## Problem
An exact, complete printout of the listing is wanted, minus its images.

*** Data extract Section Begins ***

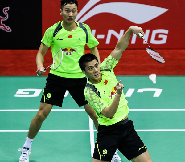 傅海峰在汤姆斯杯第一天比赛中与张楠搭档2-0战胜法国对手
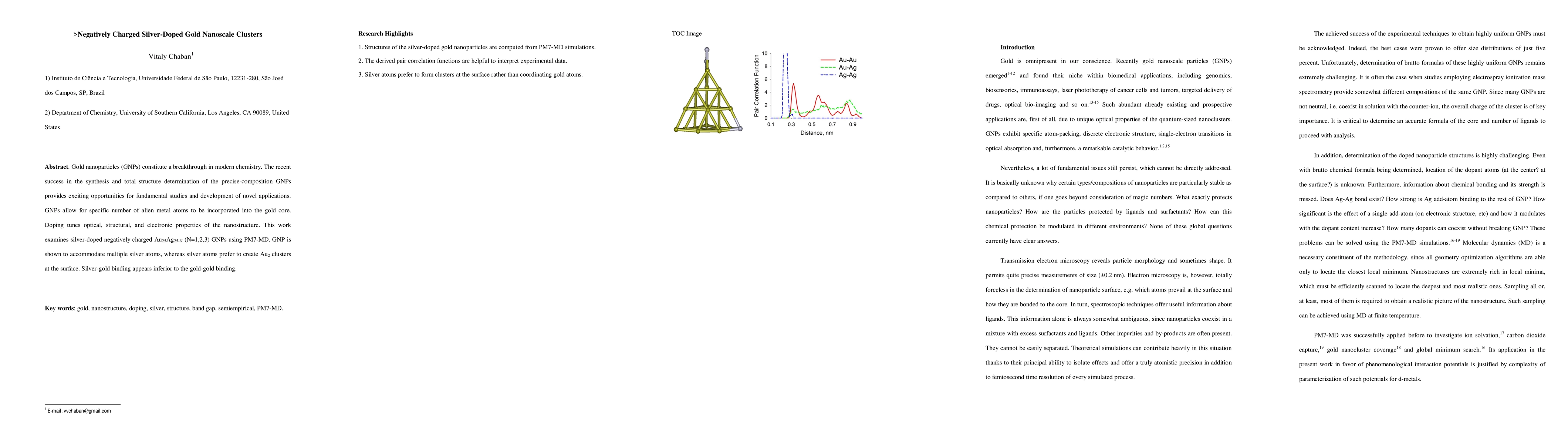 Gold nanoparticles (GNPs) constitute a breakthrough in modern chemistry. The recent success in the synthesis and total structure determination of the precise-composition GNPs provides exciting opportunities for fundamental studies and development of novel applications. GNPs allow for specific number of alien metal atoms to be incorporated into the gold core. Doping tunes optical, structural, and electronic properties of the nanostructure. This work examines silver-doped negatively charged Au25Ag25-N (N=1,2,3) GNPs using PM7-MD. GNP is shown to accommodate multiple silver atoms, whereas silver atoms prefer to create Au2 clusters at the surface. Silver-gold binding appears inferior to the gold-gold binding.
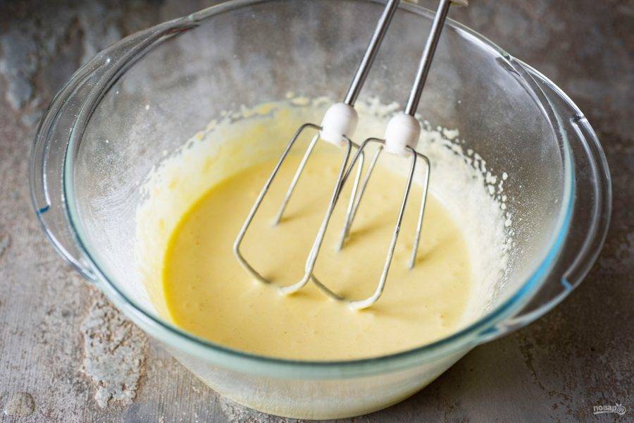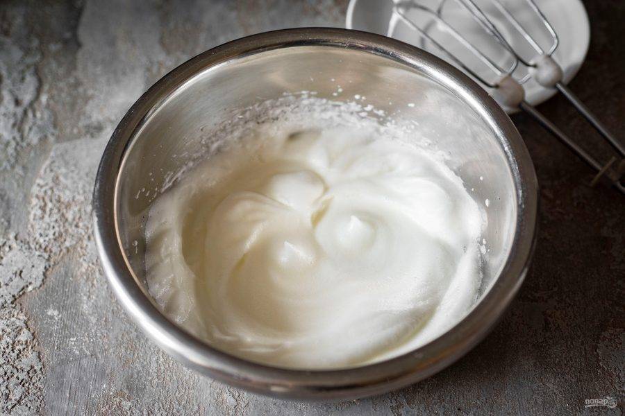 В отдельной сухой миске взбейте миксером белки до устойчивых пиков.
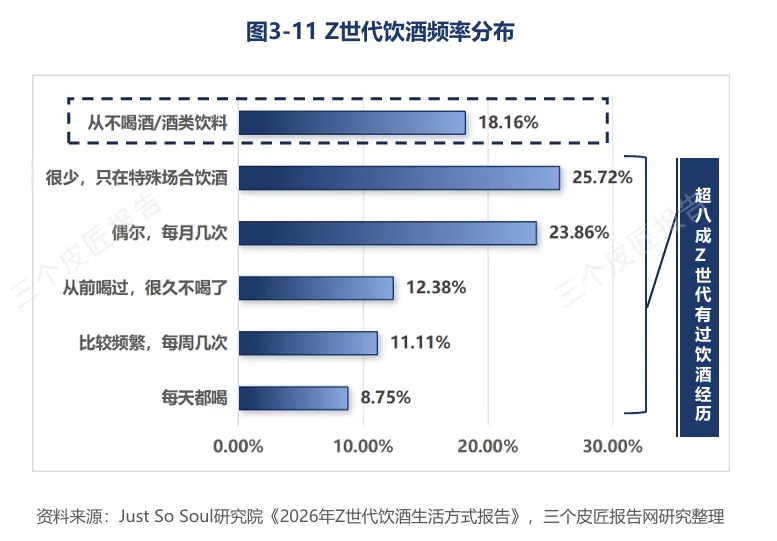 超80%的Z世代有过饮酒经历,但高频饮酒者不足20%。

*** Data extract Section Ends ***

## Task result
 傅海峰在汤姆斯杯第一天比赛中与张楠搭档2-0战胜法国对手
 Gold nanoparticles (GNPs) constitute a breakthrough in modern chemistry. The recent success in the synthesis and total structure determination of the precise-composition GNPs provides exciting opportunities for fundamental studies and development of novel applications. GNPs allow for specific number of alien metal atoms to be incorporated into the gold core. Doping tunes optical, structural, and electronic properties of the nanostructure. This work examines silver-doped negatively charged Au25Ag25-N (N=1,2,3) GNPs using PM7-MD. GNP is shown to accommodate multiple silver atoms, whereas silver atoms prefer to create Au2 clusters at the surface. Silver-gold binding appears inferior to the gold-gold binding.
 В отдельной сухой миске взбейте миксером белки до устойчивых пиков.
 超80%的Z世代有过饮酒经历,但高频饮酒者不足20%。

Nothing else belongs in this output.